Provided material
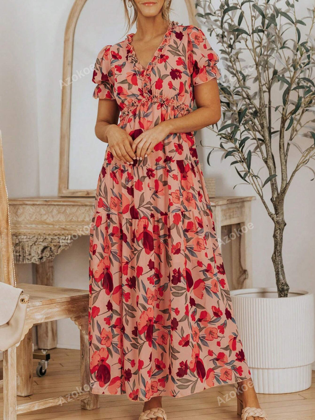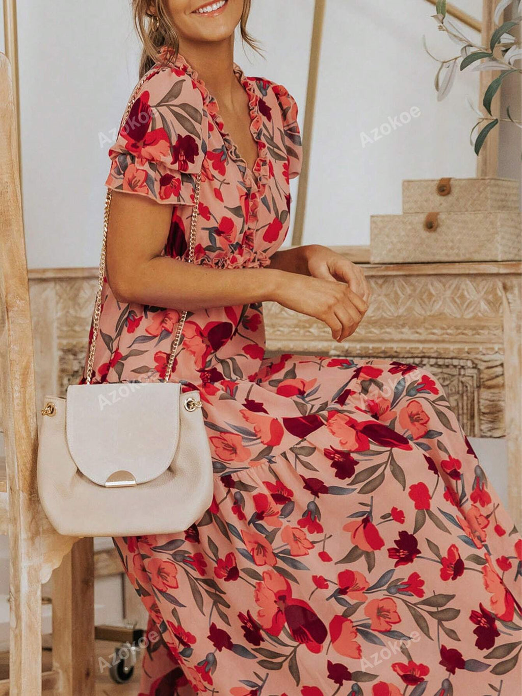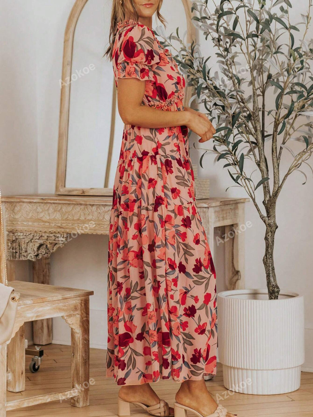 BELLAVOG Casual Boho Floral Printed Ruched V Neck Short Sleeve Long Party Dress
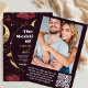 Cette invitation allie harmonieusement élégance et charme céleste, ouvrant la voie à votre mariage d'inspiration céleste. La riche toile de fond bordeaux, ornée d'accents dorés chatoyants, crée une atmosphère de mystique et de sophistication qui saisit l'essence de votre journée spéciale. Mais ce qui rend cette invitation vraiment spéciale est l'occasion de présenter une photo chère de vous et de votre partenaire, en ajoutant une dimension personnelle à votre papeterie mariage. Voici ce que notre Faire-part de mariage céleste d'or Burgundy Photo Elegant a à offrir : Elégance céleste : Impressionnez vos invités avec le design d'inspiration céleste qui laisse entrevoir l'enchantement de votre journée spéciale. Photo personnalisée : Portez une photo chère de vous et de votre partenaire, donnant à vos invités un aperçu de votre voyage ensemble. Détails personnalisés : Customisez l'invitation avec vos noms, la date du mariage et toute information supplémentaire qui vous est propre. Matériaux de qualité : Conçu avec des matériaux de haute qualité pour s'assurer qu'il reflète l'importance de votre jour de mariage. Option économique : Obtenez un look luxueux sans dépasser votre budget. Faites de votre mariage une journée vraiment spéciale grâce à notre Faire-part de mariage photo Elégant Burgundy Gold Celestial. C'est plus qu'un simple invitation ; c'est une porte d'entrée vers une célébration céleste qui est distinctive, significative et rentable. Commandez maintenant et laissez votre histoire d'amour briller sous le ciel céleste de nuit, à la fois enchanteur et personnel. Votre mariage de rêve n'est qu'à un clic !
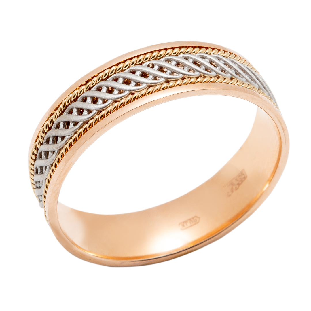 Обручальное кольцо из комбинированного золота 585 пробы интересного ювелирного дизайна с плетеным орнаментом стильно смотрится, и великолепно украсит повседневные образы. Оригинальное массивное кольцо станет для пары символом счастливой и благополучной семейной жизни. Приобретайте обручальное кольцо унисекс по привлекательной цене в магазинах Мир Золота.
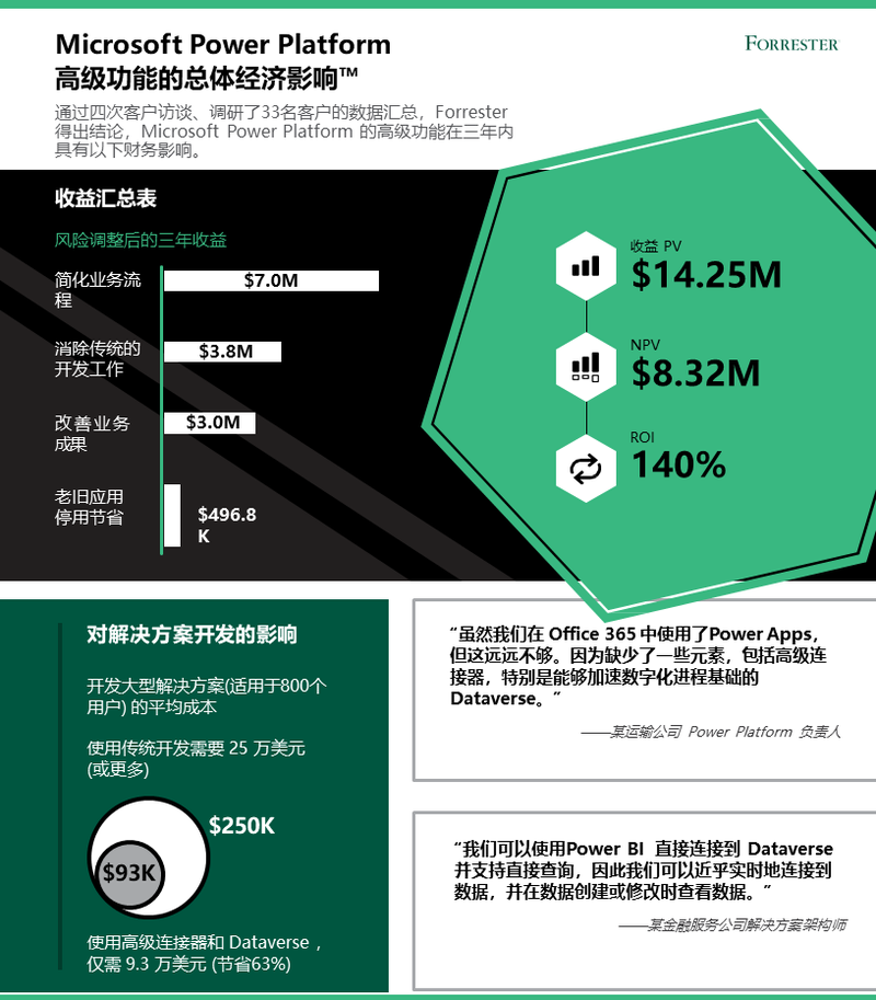 不久前,微软委托 Forrester Consulting 进行了一项名为《Microsoft Power Platform 高级功能对企业总体经济影响™》的分析研究,在对四名企业代表进行采访,并对33名有在其组织中使用 Power Platform 高级功能经验的受访者进行调研后,发现微软低代码平台 Power Platform 的高级功能可以全方位赋能企业实现降本增效,包括为企业降低45%的应用程序开发成本,以及带来高达140%的投资回报率(ROI)。
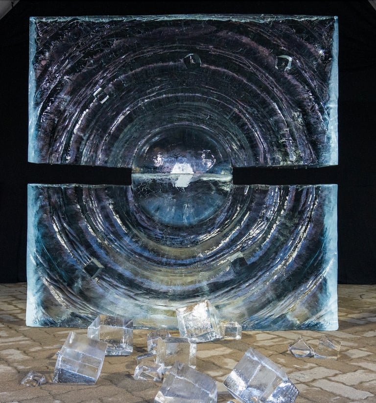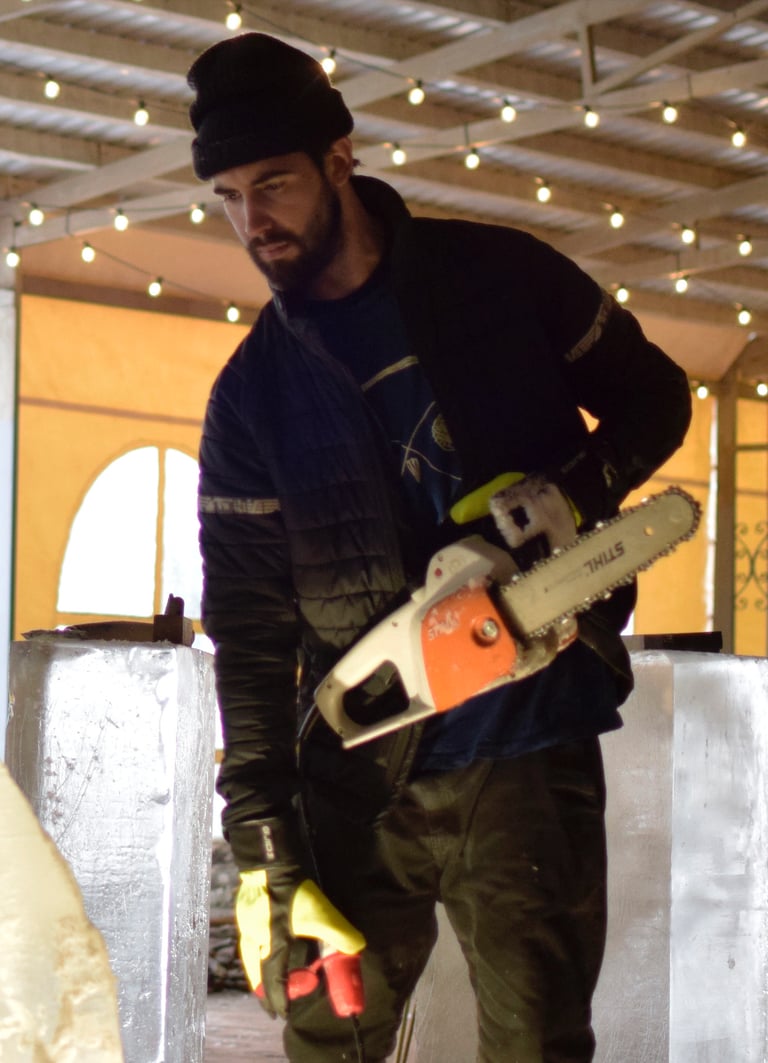 Sancho´s recent introduction to work in ice . It´s been a huge step in his carreer. With a playfull attitude finds sculpting ice is one of the most ephemeral ways of creating a tridimensional piece.
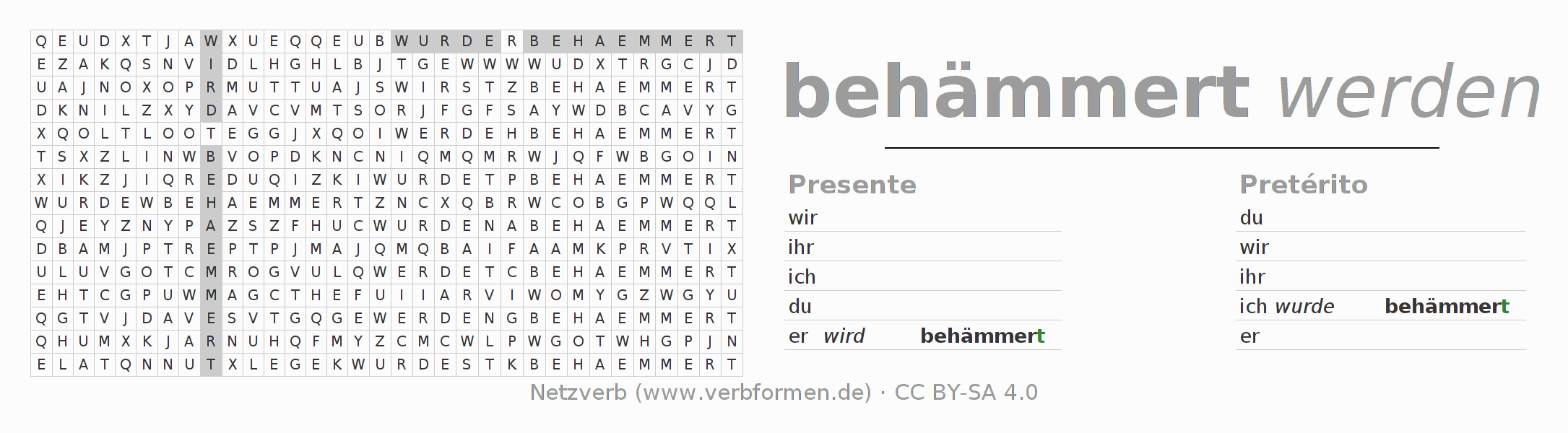 Caça-palavras para todas as formas do verbo behämmern

Required work
This exercise needs every entry retyped exactly, with the pictures removed.

Written answer
 BELLAVOG Casual Boho Floral Printed Ruched V Neck Short Sleeve Long Party Dress
 Cette invitation allie harmonieusement élégance et charme céleste, ouvrant la voie à votre mariage d'inspiration céleste. La riche toile de fond bordeaux, ornée d'accents dorés chatoyants, crée une atmosphère de mystique et de sophistication qui saisit l'essence de votre journée spéciale. Mais ce qui rend cette invitation vraiment spéciale est l'occasion de présenter une photo chère de vous et de votre partenaire, en ajoutant une dimension personnelle à votre papeterie mariage. Voici ce que notre Faire-part de mariage céleste d'or Burgundy Photo Elegant a à offrir : Elégance céleste : Impressionnez vos invités avec le design d'inspiration céleste qui laisse entrevoir l'enchantement de votre journée spéciale. Photo personnalisée : Portez une photo chère de vous et de votre partenaire, donnant à vos invités un aperçu de votre voyage ensemble. Détails personnalisés : Customisez l'invitation avec vos noms, la date du mariage et toute information supplémentaire qui vous est propre. Matériaux de qualité : Conçu avec des matériaux de haute qualité pour s'assurer qu'il reflète l'importance de votre jour de mariage. Option économique : Obtenez un look luxueux sans dépasser votre budget. Faites de votre mariage une journée vraiment spéciale grâce à notre Faire-part de mariage photo Elégant Burgundy Gold Celestial. C'est plus qu'un simple invitation ; c'est une porte d'entrée vers une célébration céleste qui est distinctive, significative et rentable. Commandez maintenant et laissez votre histoire d'amour briller sous le ciel céleste de nuit, à la fois enchanteur et personnel. Votre mariage de rêve n'est qu'à un clic !
 Обручальное кольцо из комбинированного золота 585 пробы интересного ювелирного дизайна с плетеным орнаментом стильно смотрится, и великолепно украсит повседневные образы. Оригинальное массивное кольцо станет для пары символом счастливой и благополучной семейной жизни. Приобретайте обручальное кольцо унисекс по привлекательной цене в магазинах Мир Золота.
 不久前,微软委托 Forrester Consulting 进行了一项名为《Microsoft Power Platform 高级功能对企业总体经济影响™》的分析研究,在对四名企业代表进行采访,并对33名有在其组织中使用 Power Platform 高级功能经验的受访者进行调研后,发现微软低代码平台 Power Platform 的高级功能可以全方位赋能企业实现降本增效,包括为企业降低45%的应用程序开发成本,以及带来高达140%的投资回报率(ROI)。
 Sancho´s recent introduction to work in ice . It´s been a huge step in his carreer. With a playfull attitude finds sculpting ice is one of the most ephemeral ways of creating a tridimensional piece.
 Caça-palavras para todas as formas do verbo behämmern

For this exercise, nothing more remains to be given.